The first steps of beginner traders in the financial markets:

  1. registration with a Forex broker;
  2. opening a demo or real account (how to open an account on the exchange);
  3. downloading a terminal – MetaTrader or Quik (ATAS vs MetaTrader).

Then they start experimenting with strategies, looking for Grails and ‘walking on rakes’. Beginner traders fail to make a big profit fast, despite advertising promises of brokerage agencies, and they become disappointed. Their efforts to win back the growing losses by increasing the stakes result in blowing up the account.

A familiar story, isn’t it? (Read one in this article: The story of a real trader).

Many outsiders leave the market soon after just starting their careers (how to become a trader). The most motivated and persistent ones try to find out where the trouble lies. Thus, looking for truth, traders start to pay attention to the Volume indicator. What is it about?
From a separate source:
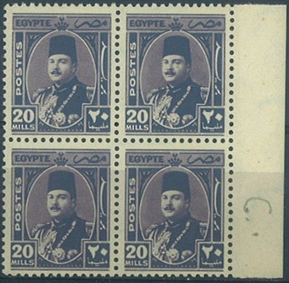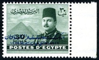 | 676 | 1952 Farouk Maréchal 30m green, error, double overprint of “King of Egypt and Sudan”, super-fresh, NH, with right-hand sheet margin. Only 100 mint examples were found. (NP D185c). With detailed Hass colour photocert  | £55.00 |

What makes the volume indicator different?

The absolute majority of the technical analysis indicators (MA, MACD, Stoch, RSI, BBands, CCI and hundreds of others) use previous price values in their calculations.

Indicators based on price values

The picture above shows examples of indicators based on price values (screenshot from MetaTrader).
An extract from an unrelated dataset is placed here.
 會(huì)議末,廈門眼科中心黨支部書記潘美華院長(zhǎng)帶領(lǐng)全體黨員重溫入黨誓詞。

The Volume indicator is a completely different story. The specific feature of volumes is that they do not use the price and are not its derivative. Volumes do not pass through formulas and are delivered to the terminal:

  1. in tick terms (each tick represents 1 executed trade), or
  2. in absolute terms (a number of executed trades), or
  3. in money terms (a sum of the costs of executed trades).

The first volume type – tick volume – is well-known mostly to MetaTrader users. The volumes in the absolute and money terms are real volumes of the trades, which are provided by official exchanges in real time.

The clients of Forex brokers, who trade through MetaTrader, often ask whether it is possible to use the tick volume as an alternative of the real one. In principle, the tick volume could be used for the analysis of trades, since both tick and real volumes show the market ACTIVITY.

However, the use of real volumes provides a more accurate analysis, especially if we ‘look into’ the volume and split it into the buy and sell clusters at each price level. Progressive volume indicators provide for this ‘X-ray’ view.

Progressive volume indicators

Growth of computing capacities of personal computers made it possible for everyone to conduct a professional volume analysis with the help of specialized platforms. ATAS is such a platform.

Check what it can do:

Progressive volume indicators

It is a FDAX futures price chart with a 1 hour period. The chart type is cluster or footprint (ATAS has 25 variants of the footprint). The footprint variant in the chart shows coloured clusters instead of traditional candles: green clusters are buys and red clusters are sells. A wider cluster shows more trades. Convenient, isn’t it?

  1. It is a traditional trading volume indicator per unit of time.
  2. It is Cluster Stat, which gives the complete statistics by volumes. For example, Delta is a difference between buys and sells. The data are visualized with colours, but if we change the scale we would be able to see numeric values.
  3. Market Profile (or horizontal volumes) for one week (it is possible to select any period of time) with a breakdown into buys and sells.
  4. Arbitrary profile. ATAS immediately builds horizontal volumes for any part of the chart, which you select by the mouse.
  5. It is Big Trades indicator. It marks major buys (green) and sells (red). Set Big Trades Alert and you will not miss a major volume trade. Besides, the right arrow points to major volumes of buys when the resistance, which you can see in the arbitrary profile in point 4, is broken.
  6. Imbalance indicator. It shows disbalances between buys and sells in clusters.
  7. ATAS Smart Tape allows to analyze all (or filtered out) trades in the course of their execution on the exchange.

Besides, ATAS has:

  • a possibility to build various types of charts, which are not based on time;
  • a module for analyzing Smart DOM;
  • unique indicators: Cluster Search and Speed of Tape.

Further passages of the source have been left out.